After thousands of years of use by the Polynesians and decades of research in Europe and the U.S., the traditional use of kava root has never been found to have any addictive or permanent adverse effects. Users do not develop a tolerance. While small doses of kava have been shown to slightly improve memory and cognition, large amounts at one time have been shown to cause intoxication. In Utah, California, and Hawaii there have been cases where people were charged with driving under the influence of alcohol after drinking a significant amount of kava (eight cups or more) although some of them were acquitted due to the laws not being broad enough to cover kava consumption.
Kava is used for medicinal, religious, political, cultural and social purposes throughout the Pacific. These cultures have a great respect for the plant and place a high importance on it. It is used primarily at social gatherings to increase amiability and to relax after work. It has great religious significance, being used to obtain inspiration. Among some fundamentalist Christian sects in the Western Pacific, the drink has been demonized and seen as a vice, and young members of these religions often reject its traditional use. However, among most mainline Christians denominations, i.e. the Roman Catholic, Methodist, and Anglican churches, kava drinking is encouraged as it replaces the greater danger of alcohol.
Botany and agronomyThere are several cultivars of kava, with varying concentrations of primary and secondary psychoactive substances. The largest number are grown in the Republic of Vanuatu, and so it is recognised as the "home" of kava. Kava was historically grown only in the Pacific islands of Hawaii, Federated States of Micronesia, Vanuatu, Fiji, the Samoas and Tonga. Some is grown in the Solomon Islands since World War II, but most is imported. Kava is a cash crop in Vanuatu and Fiji.
The kava shrub thrives in loose, well-drained soils where plenty of air reaches the roots. It grows naturally where rainfall is plentiful (over 2,000 mm/yr). Ideal growing conditions are 20 to 35 degrees Celsius (70 to 95 °F), and 70–100% relative humidity. Too much sunlight is harmful, especially in early growth, so kava is an understory crop.
Kava cannot reproduce sexually. Female flowers are especially rare and do not produce fruit even when hand-pollinated. Its propagation is entirely due to human efforts by the method of striking.
Traditionally, plants are harvested around 4 years of age, as older plants have higher concentrations of kavalactones. But in the past two decades farmers have been harvesting younger and younger plants, as young as 18 months. After reaching about 2 m height, plants grow a wider stalk and additional stalks, but not much taller. The roots can reach 60 cm depth.
Strains and originsOne of the most potent strains is called "Isa" in Papua New Guinea, and also called "Tuday" in Hawaii. In Vanuatu it is considered a type of "Tudei" kava, pronounced as "two-day" because it is said to have effects lasting two days due to it's chemical profile being high in the kavalactone dihydromethysticin.
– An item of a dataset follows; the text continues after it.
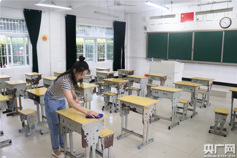 工作人員正在考場內(nèi)用消毒水擦拭桌面。(央廣網(wǎng)記者徐鵬 趙家慧 攝)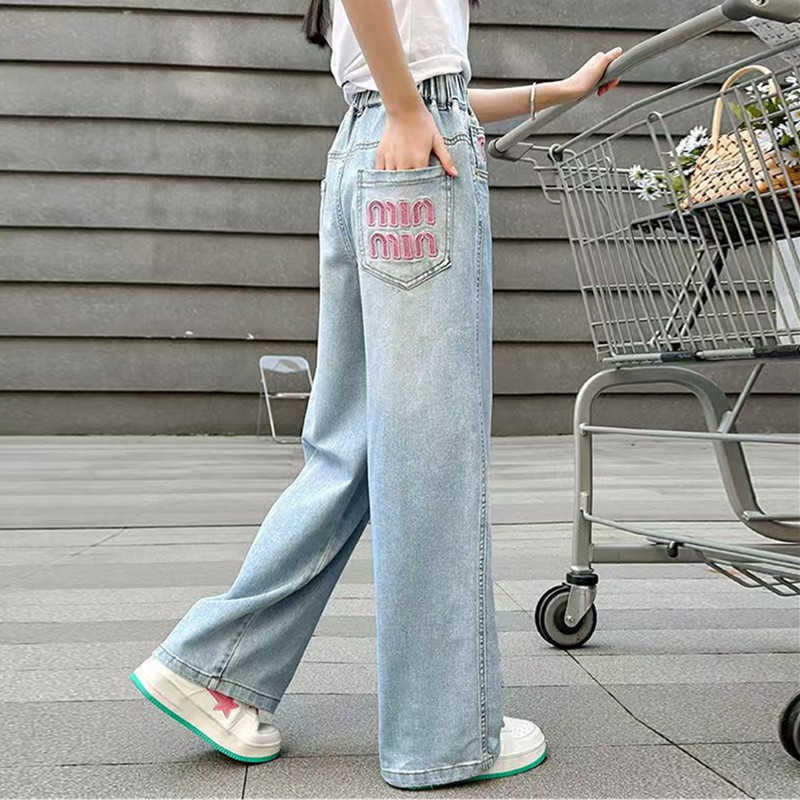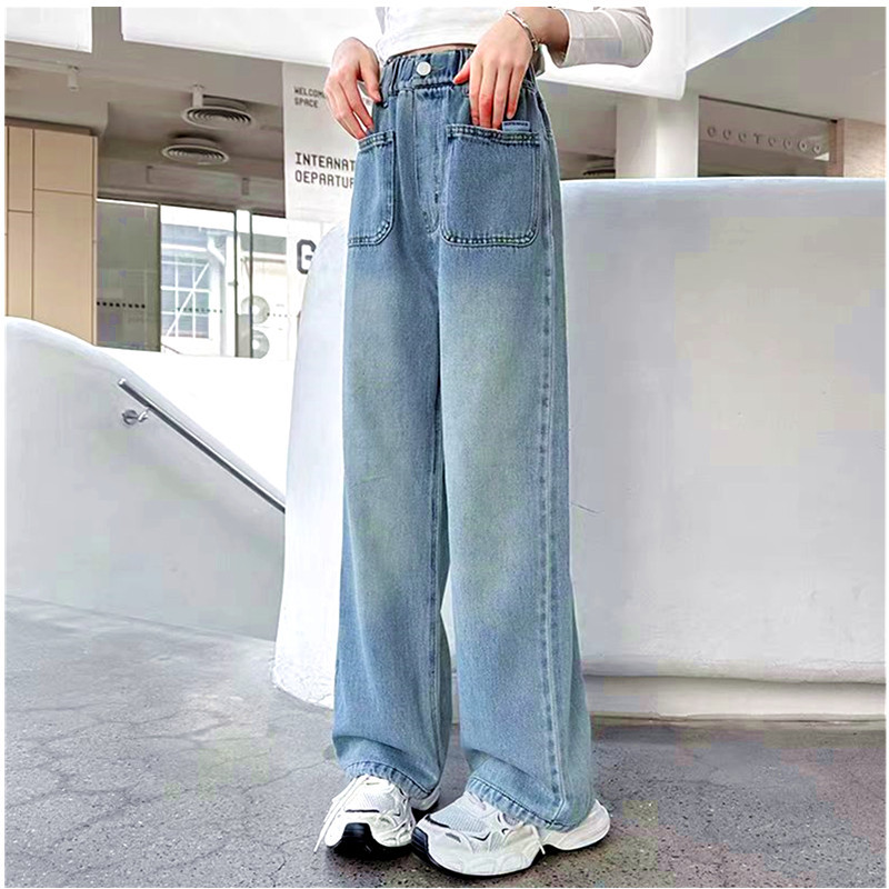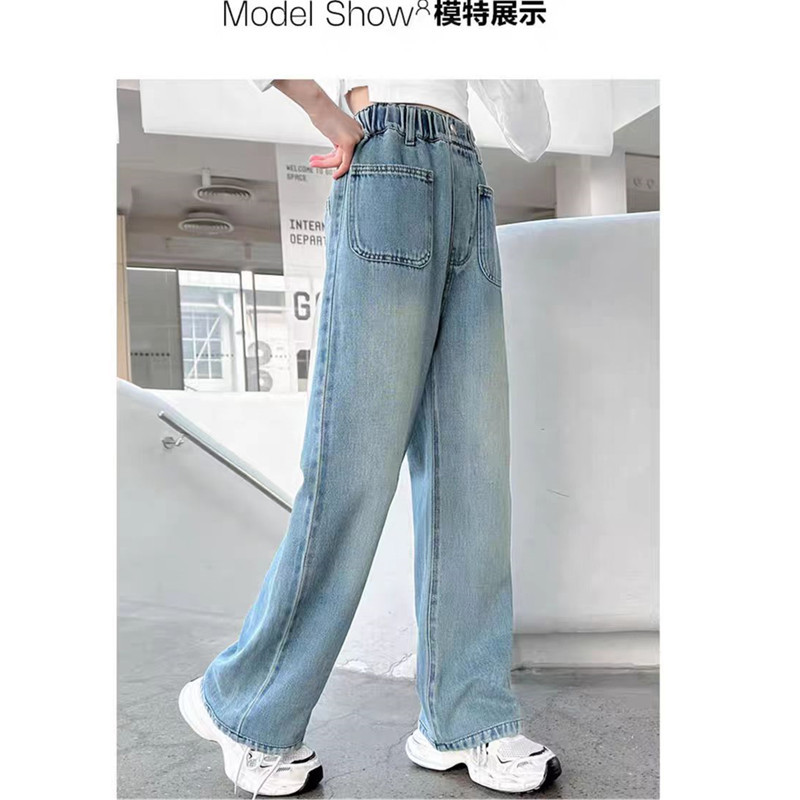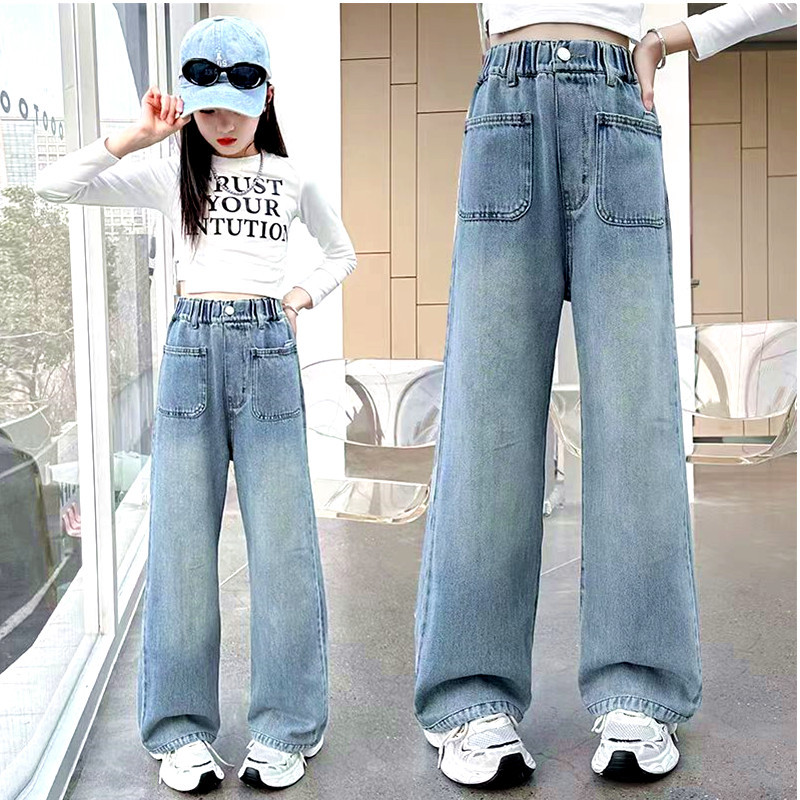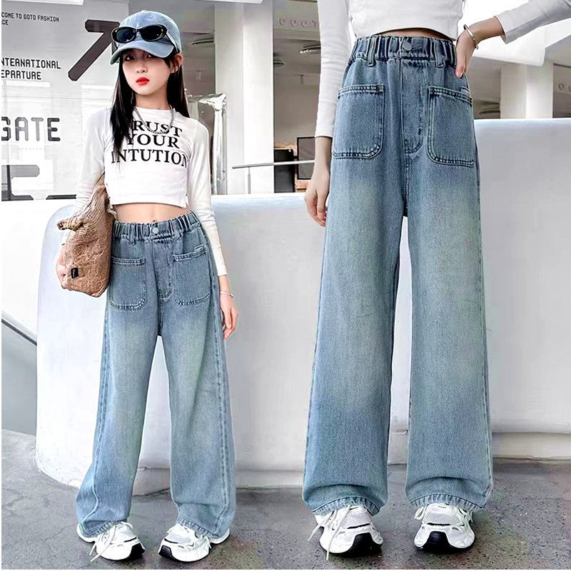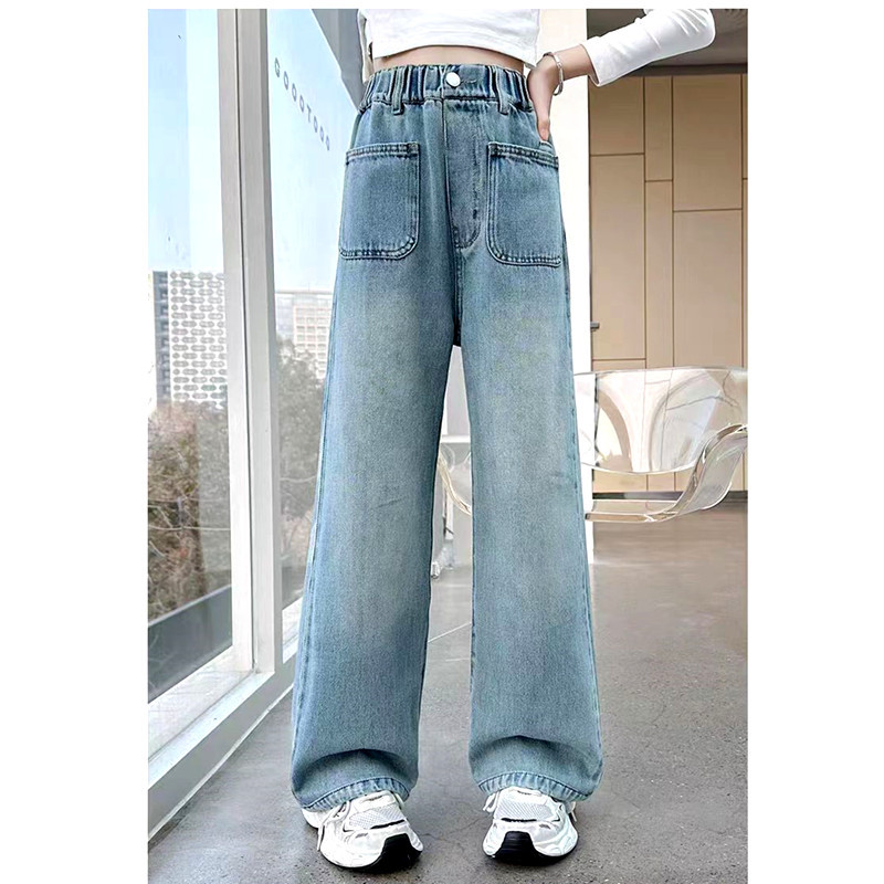여자 청바지 도매 2025 새로운 cuhk 어린이 서양식 레저 넓은 다리 바지 긴 바지 제조 업체 도매

The plant itself is a strong, very hardy, fast-growing variety with multiple light to dark green stems covered with raised dark spots.
In Vanautu there are strict laws over the exportation of Kava. Only strains they deem as "noble" varieties that are not too weak or too potent are allowed to be exported. Only the most desirable strains for every day drinking are selected to be noble varieties in order to maintain quality control. In addition their laws mandate that exported kava must be at least five years old and farmed organically. Their most popular noble strains are "Borogu" from Pentecost Island. "Melomelo" from Ambae island, (called 'sese' in North Pentecost) and "Palarasul" kava from Santo Island. In Vanuatu, Tudei (two-days) kava is reserved for special ceremonial occasions and exporting it is not allowed. "Palisi" is a popular Tudei variety.
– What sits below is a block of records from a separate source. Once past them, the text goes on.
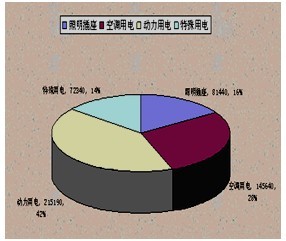 電力儀表用屏蔽雙絞線相互連接起來,與通訊服務器、交換機、工業級計算機等組成一個后臺監控管理系統,實現對配電系統的監控以及電能分項計量的管理。系統實現的主要功能: (1)實時采集與顯示運行參數,如電壓、電流、功率、功率因數,有功電能等,為正常運行時的計量管理、事故發生時的故障原因分析提供依據。 (2)監視電氣設備運行狀態,如高、低壓進線斷路器等各種類型開關當前分、合狀態,是否正常運行,如發現故障自動報警。 (3)對建筑物內所有設備的用電量進行記錄與統計,包括動力用電、照明與插座用電、空調用電、特殊用電等電能分項計量以及分時復費率計量等,并可生產電能計量報表供用戶查詢使用。 4、應用案例 上海浦東某圖書館是一個高能耗大型公共建筑,總建筑面積60885平方米,圖書館變配電系統包括高壓配電室和低壓配電室,其中高壓配電室有高壓配電柜10面,低壓配電室有低壓配電柜31面。在高壓進線柜、PT柜及配出柜上安裝中壓微機保護裝置,其它各個低壓回路上安裝電力儀表,對各個回路進行電能分項計量,各樓層按用電類型分別安裝DTSF1352導軌式三相四線電表,對用電進行分項計量,所有的中壓微機保護裝置和電力儀表均通過現場總線進行組網,在中控室對現場各回路用電狀況實現集中監控,對用電狀況實行監測,并進行數據庫存儲,自動生成用電日報表、月報表、年報表以及電能分項計量統計報表等,為管理人員的分析、決策提供參考。 該項目電能分項計量管理系統采用三層網絡結構,站控管理層是人機交互的直接窗口,采用研祥工業計算機作為監控主機,并附帶液晶顯示器、打印機等設備,山特UPS電源在整個系統發生供電問題時,可在一定時間內保證站控管理層設備的正常運行。通訊管理層主要由通訊服務器和交換機等組成,該層是數據信息交互的橋梁,負責對現場設備回送的數據信息進行采集與傳輸的同時,轉達上位機對現場設備的各種命令。現場設備層的電力儀表主要為ACR系列多功能電表和ADL系列導軌式電表,低壓進線回路及重要饋線回路選用ACR系列多功能電表,普通饋線回路及動力箱、照明箱中選用ADL系列導軌式電表,實現對現場各回路、各樓層的電能分項計量。 監控室電能管理系統通過現場設備和通信系統提供的傳輸通道,完成對各用電回路的數據采集,信息經分析、處理,以報表、圖形等多種形式供值班員參考,使值班員能夠便捷的掌握系統的運行及電能使用狀況,對電能分項計量,及時發現、糾正用電浪費現象,從而節約用電。在需要時,還可提供快捷的遠程控制手段,完成對設備運行狀態的改變以及事故情況的處理。圖5給出了圖書館電能分項計量查詢表,很清楚的顯示出各分項用電的使用情況。圖6為系統給出的圖書館照明、空調及插座等分項用電量的餅圖,很直觀地顯示出分項用電量的百分比。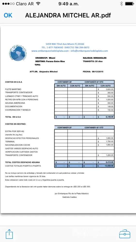 En nero del 2017 envÃe a argentina, por medio de la empresa embarques rÃo de la plata... En el transcurso del año llamaba periódicamente, me decÃan que no podÃan enviarlo por problemas con la aduana en argentina... En octubre me dicen que el barco ya salió... Pero hasta hoy 7 de diciembre no tengo ninguna novedad... Todo lo que tenia se fue en esa...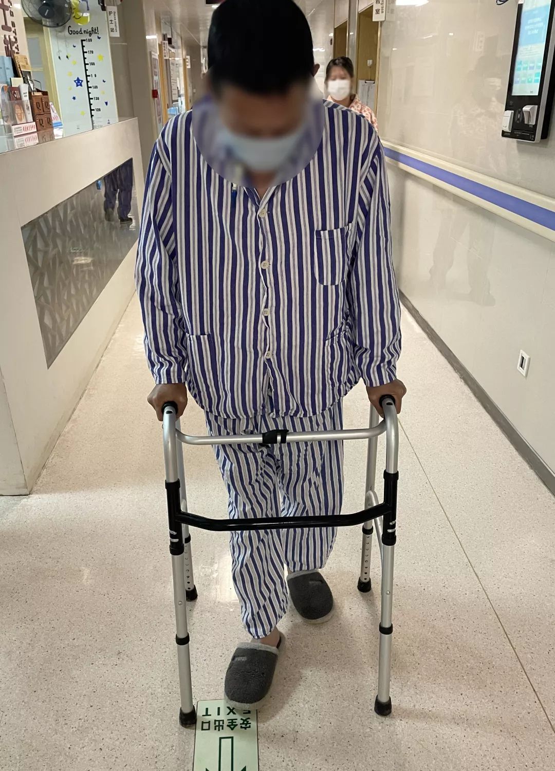 经过约6周的术后康复,林先生再次入院,骨外科团队为其行左全髋关节置换术。因长期病痛,他的双下肢不等长,我院团队在术前做了大量功课——包括对假体选择、截骨多少及假体安放的位置等,均进行了充分考量,并圆满地为患者完成了两侧全髋关节置换。现通过本次术后的康复护理,患者已可借助助行器下地行走。

In Hawaii there are many other strains of kava. Some of the most popular strains are the "Mahakea," "Mo'i," and "Nene" varieties. The Ali'i(kings) of old Hawaii coveted special kava they called Mo'i that had a strong cerebral effect due to a predominant amount of the kavalactone kavain. This sacred variety was so important to them, that no one but royalty could ever experience it unless suffer an untimely death.
Other strains are found in Fiji, Tonga, and Samoa.
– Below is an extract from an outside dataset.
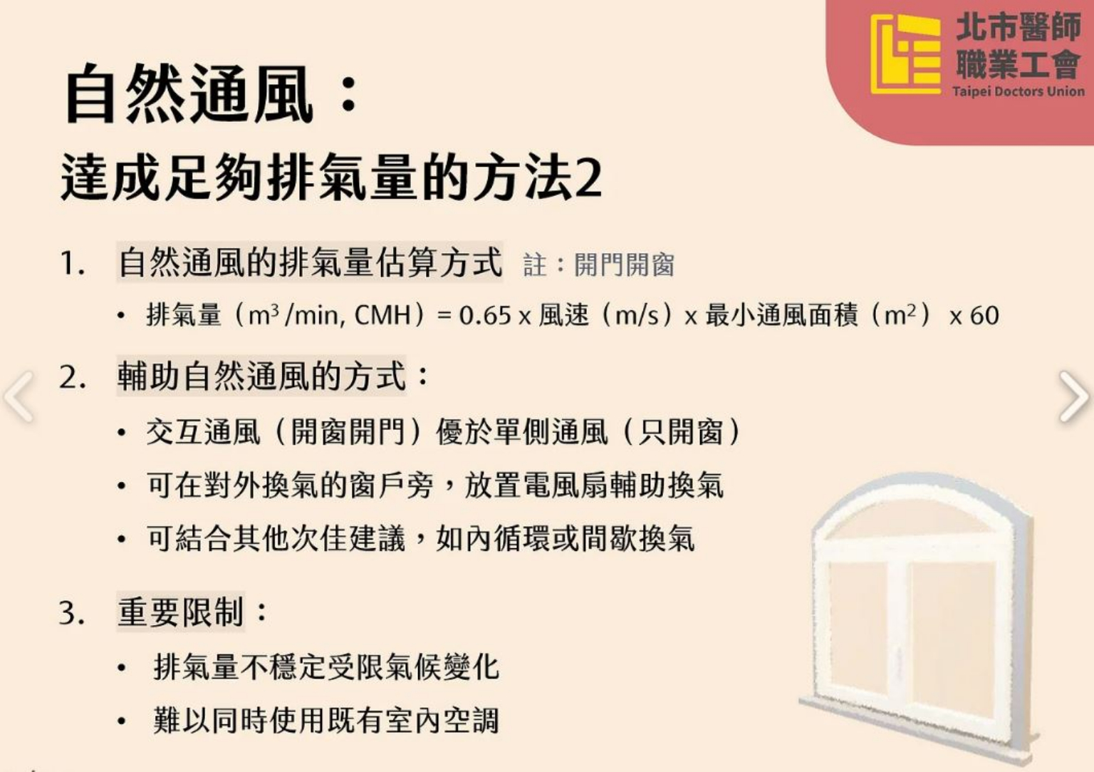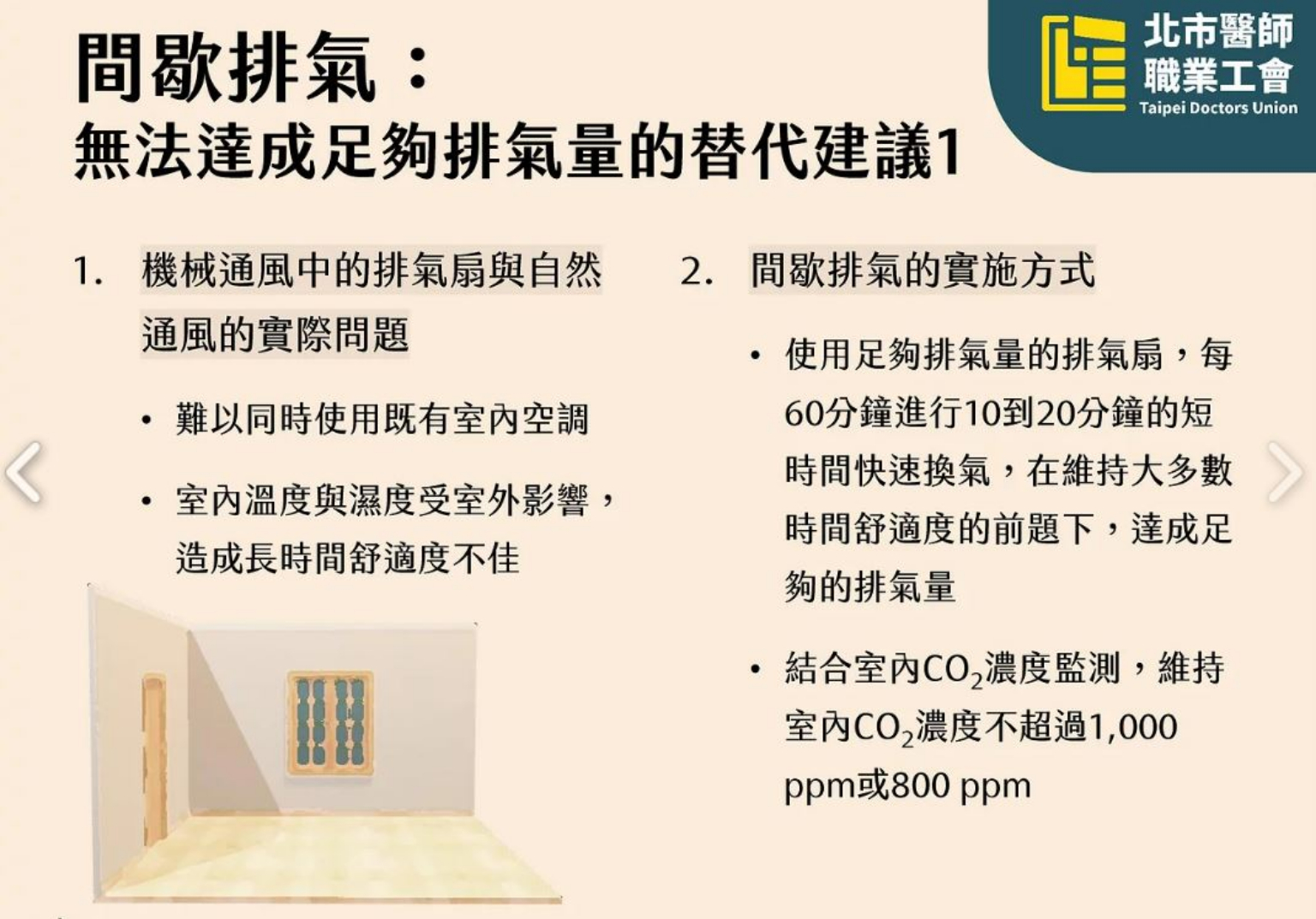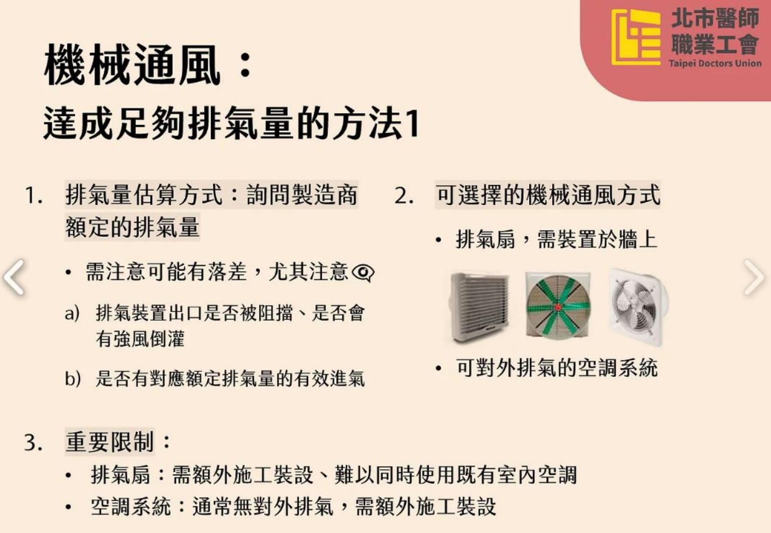 台北市醫師職業工會顧問、台大醫院職業醫學科醫師陳秉暉表示,「為了確保安全,維持室內的通風是一大關鍵。」

CompositionFresh kava root contains on average 80% water. Dried root contains approximately 43% starch, 20% fibers, 15% kavalactones, 12% water, 3.2% sugars, 3.6% proteins, and 3.2% minerals. Kavalactone content is greatest in the roots and decreases higher up the plant. Relative concentrations of 15%, 10% and 5% have been observed in the root, stump, and basal stems, respectively.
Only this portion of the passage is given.